At the Katz School, Prabhakar took courses taught by computer scientist Jiang Zhou. After graduating, he became a founding member of Kayaan AI, a startup developing voice-driven artificial intelligence tools for truck drivers. The goal of the company is simple to explain but technically complex to achieve: create an AI assistant that allows a truck driver to book a profitable load with a single voice command.
“Instead of drivers spending hours searching and negotiating, our system does the work in the background,” said Prabhakar. “You just talk to it, and it understands what you want, finds the best load and even negotiates for you.”
At Kayaan, Prabhakar works as what is known as a Forward-Deployed AI Engineer, a role that blends technical development with hands-on work with customers.
“My work doesn’t involve just sitting behind a screen and coding all day,” he said. “I talk directly with clients, understand their requirements and filter out the noise. Then I quickly build a proof of concept so they can see how the system will work before we develop the full product.”
The platform relies on several artificial intelligence systems working together. One central AI agent—nicknamed “Kay”—communicates with drivers through voice. Other AI agents handle specialized tasks behind the scenes.
“We have two or three different AI systems running behind the app,” said Prabhakar. “The main agent talks to the driver and understands their needs. When the driver finds a load they like, another agent is triggered to call the broker in real time, confirm the details and negotiate the price.”
The negotiation process can resemble a real conversation between two people. “It goes back and forth,” said Prabhakar. “It pushes the boundary as much as possible to get a better rate for the driver. At the same time, it keeps the driver informed and asks for approval before the load is booked.”
Building such a system has required solving practical challenges that don’t always appear in academic research. One of the toughest was teaching the AI to function in noisy environments.
“The biggest task was making it work in noisy conditions,” said Prabhakar. “A truck cab can have multiple voices, road noise and radio. We had to build tools so the system can recognize who the driver is and ignore background voices.”

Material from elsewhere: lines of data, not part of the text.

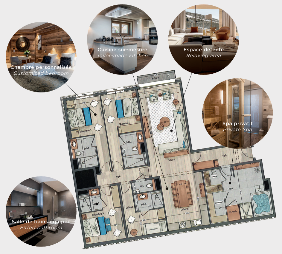 Vous profiterez de 31 lodges de 61 à 255 m2, associés aux différents services hôteliers 5* qui feront de votre futur bien, le lieu de nombreux souvenirs à la montagne !
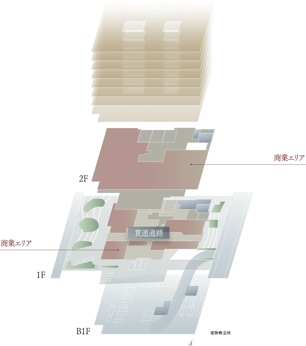 本プロジェクトにおいても基壇部には商業エリアを設け、
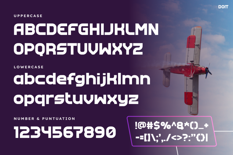 Because of its strong readability and futuristic edge, DOIT suits any visual that demands motion, strength, and modernity. Whether youโre designing for a snowboard event, a skydiving competition, or a high-tech racing team, this font ensures your message looks fast, fierce, and unforgettable.
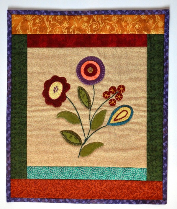In this floral design there are combinations of wool and cotton applique shapes embellished with various embroidery stitches. Mary Jane will teach you these stitches as well as multiple ways to prepare cotton shapes for applique and how to work with wool.
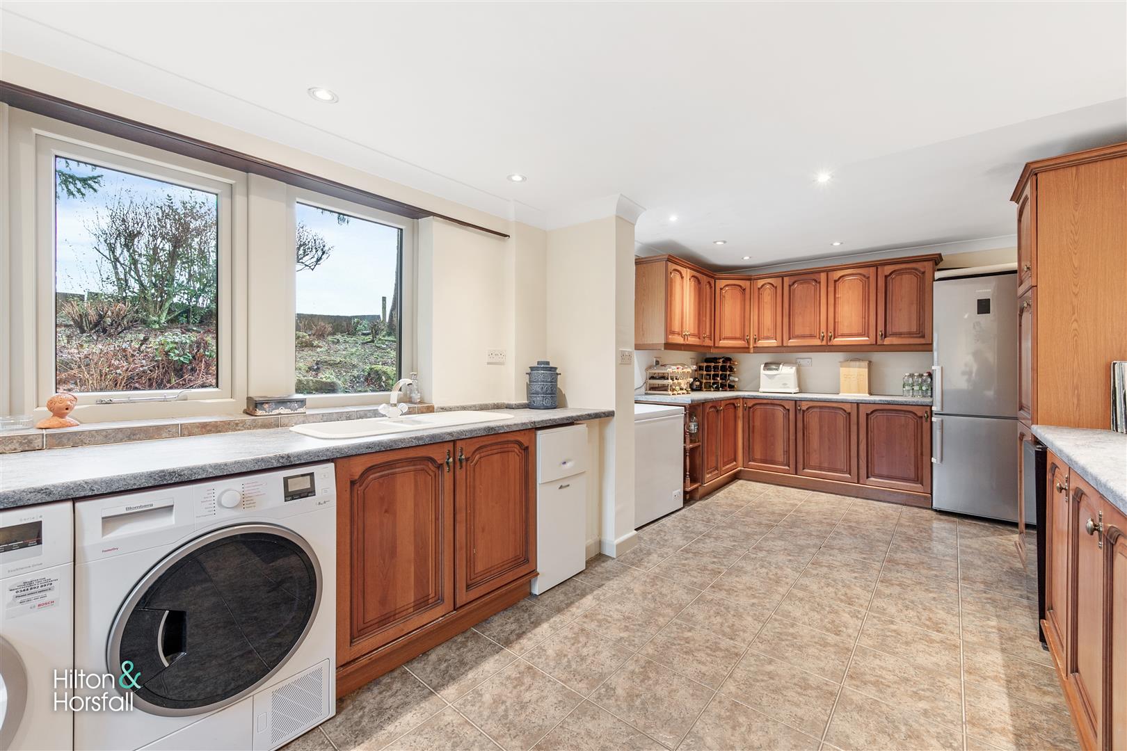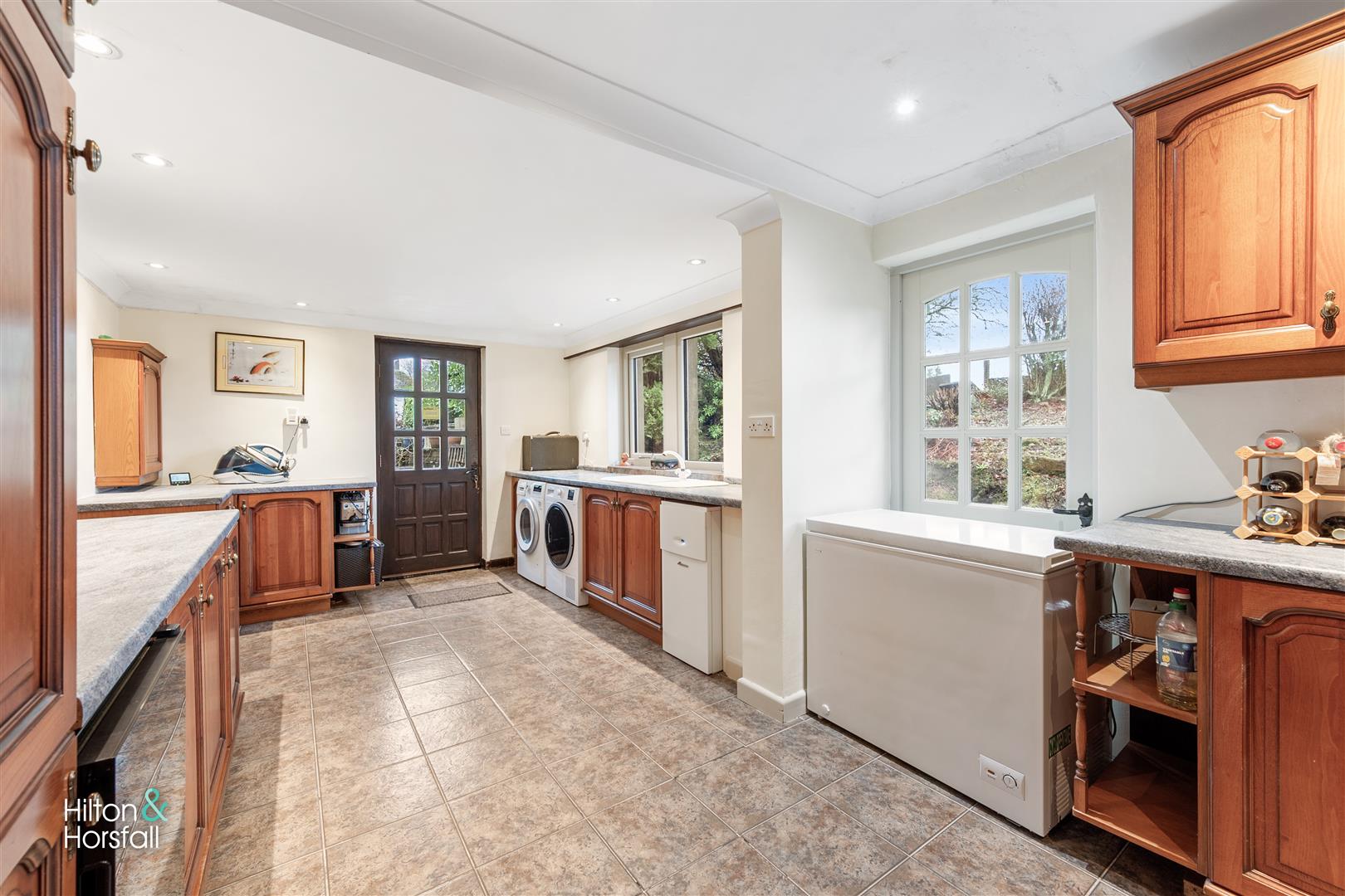 Having fitted wall and base units with contrasting worktops, tiled flooring, plumbing for a washing machine, space for a tumble dryer, recessed LED spotlights, ceiling coving, inset sink, integrated wine cooler, space for a freestanding fridge / freezer, housing Worcester boiler, wood frame window to the rear elevation and door leading through to the integral garage.
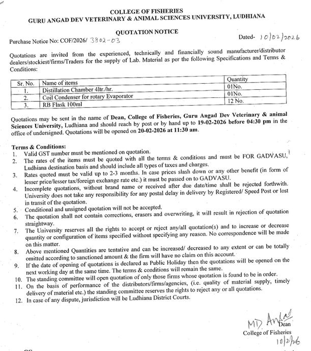 Quotation Notice for the supply of Lab. Material, Dean, College of Fisheries, Guru Angad Dev Veterinary & Animal Sciences University, Ludhiana
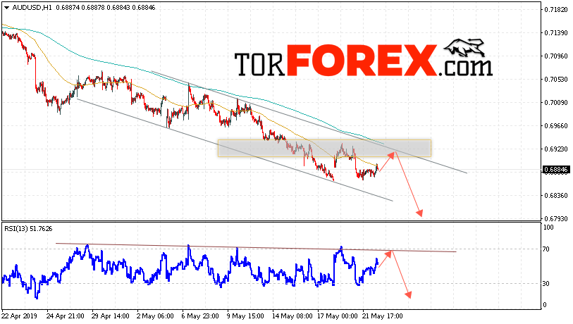 Таким образом, AUD/USD прогноз Форекс и аналитика на 23 мая 2019 предполагает попытку теста уровня сопротивления вблизи области 0.6925. Далее, продолжение падения котировок пары ниже уровня вблизи уровня 0.6790. Дополнительным сигналом в пользу снижения пары выступит тест линии тренда на индикаторе относительной силы. Отменой варианта падения станет сильный рост и пробой области 0.6965. Это укажет на продолжение подъёма котировок с потенциальной целью выше уровня 0.7105.
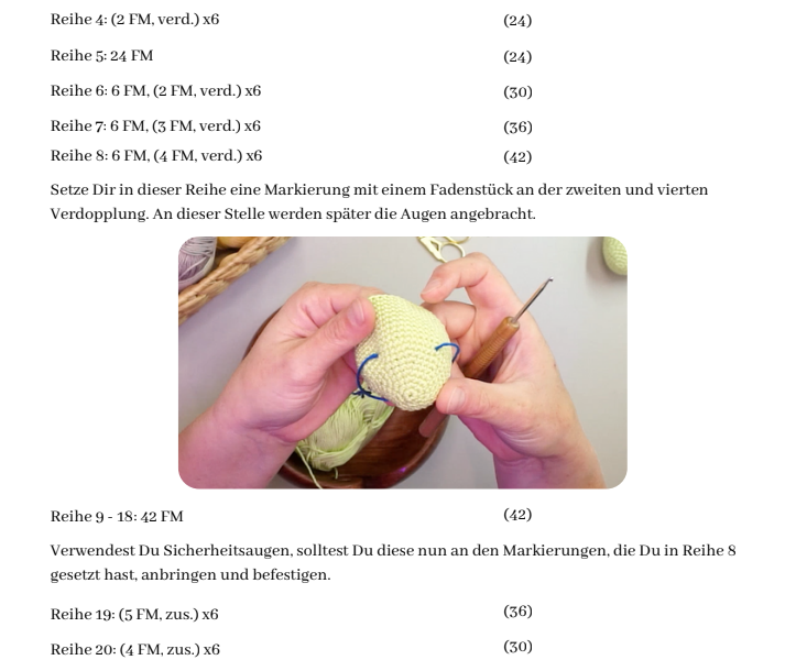 Beachte, dass Häkeltiere zu den Spielzeugen zählen und auf dem europäischen Markt nicht ohne CE-Kennzeichnung und entsprechende Prüfung in Umlauf gebracht werden dürfen. Das gilt auch für Einzelanfertigungen und Verkäufe auf Märkten.
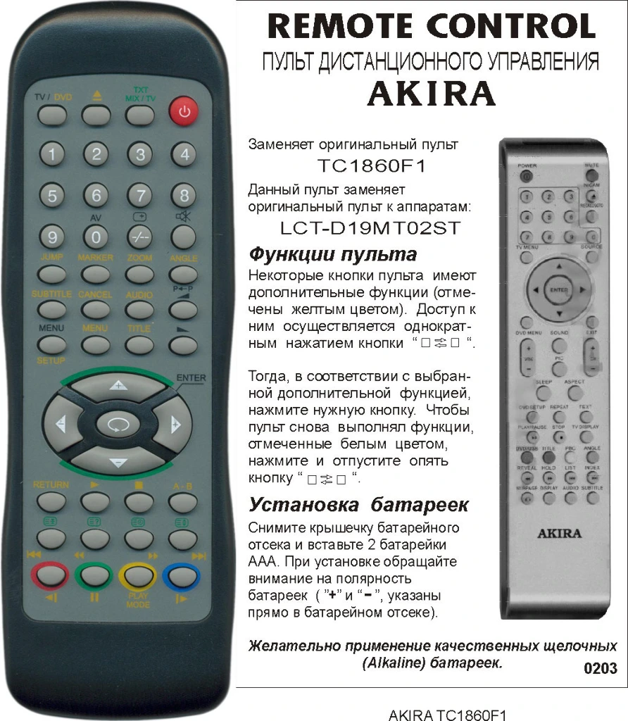 Akira IR-03B TV LCTD22V82ST/ (арт. 0210-)
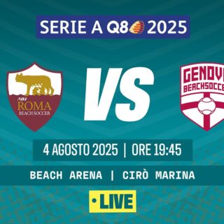 Beach Soccer 4 Agosto 2025 di Redazione · Published 4 Agosto 2025 LIVE!!! Beach Soccer 2025, Serie A Q8 I ROMA BS – GENOVA BS Poule Promozione
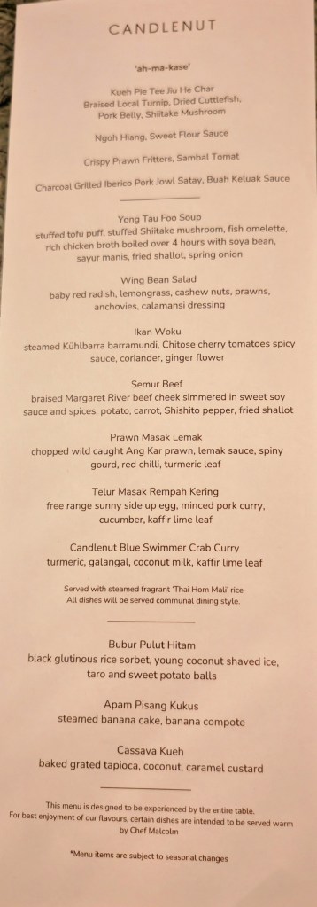 I picked Candlenut at Dempsey because the food is decent and they have a set dinner menu. Also they could give me their private dining room.
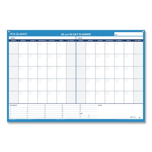 30/60-Day Undated Horizontal Erasable Wall Planner, 36 X 24, White/blue Sheets, Undated

The team also had to make sense of the messy data that dominates the freight industry. “AI alone is not enough,” he said. “Most of the data we get is very unstructured. So, we first build algorithms that extract meaning from the data and convert it into a format the AI can understand.”
The business vision behind Kayaan is supported by fellow Katz student Aquib Hussain, a student in the M.S. in Data Analytics and Visualization and contributes to the company’s strategy.
“Our vision is to build a voice-first AI co-pilot for truck drivers,” said Hussain. “Right now drivers depend heavily on dispatchers and often deal with unfair prices. What we’re building helps drivers book profitable loads themselves with a single voice command. The core team is supported across analytics, design thinking, customer insights, product feedback and go-to-market strategy as we bring this platform to life.”
The scale of the opportunity is enormous. The trucking industry in the United States alone moves more than a trillion dollars’ worth of goods each year. Even small improvements in efficiency can have huge economic impact.
Prabhakar’s journey from graduate student to startup founder reflects the growing connection between academic research and real-world technology deployment.
“It’s more than the curriculum,” he said of his time at the Katz School. “The projects and the professors guided me in understanding how real systems work. They taught me how to break complex problems into smaller pieces and build solutions step by step.”
Professor Zhou said watching students like Prabhakar translate classroom ideas into working technology is deeply rewarding.
“The initiative that Tharun and his teammates have shown is very impressive,” he said. “They are taking advanced AI concepts and applying them to a real industry problem. That kind of innovation is exactly what we hope our students will pursue.”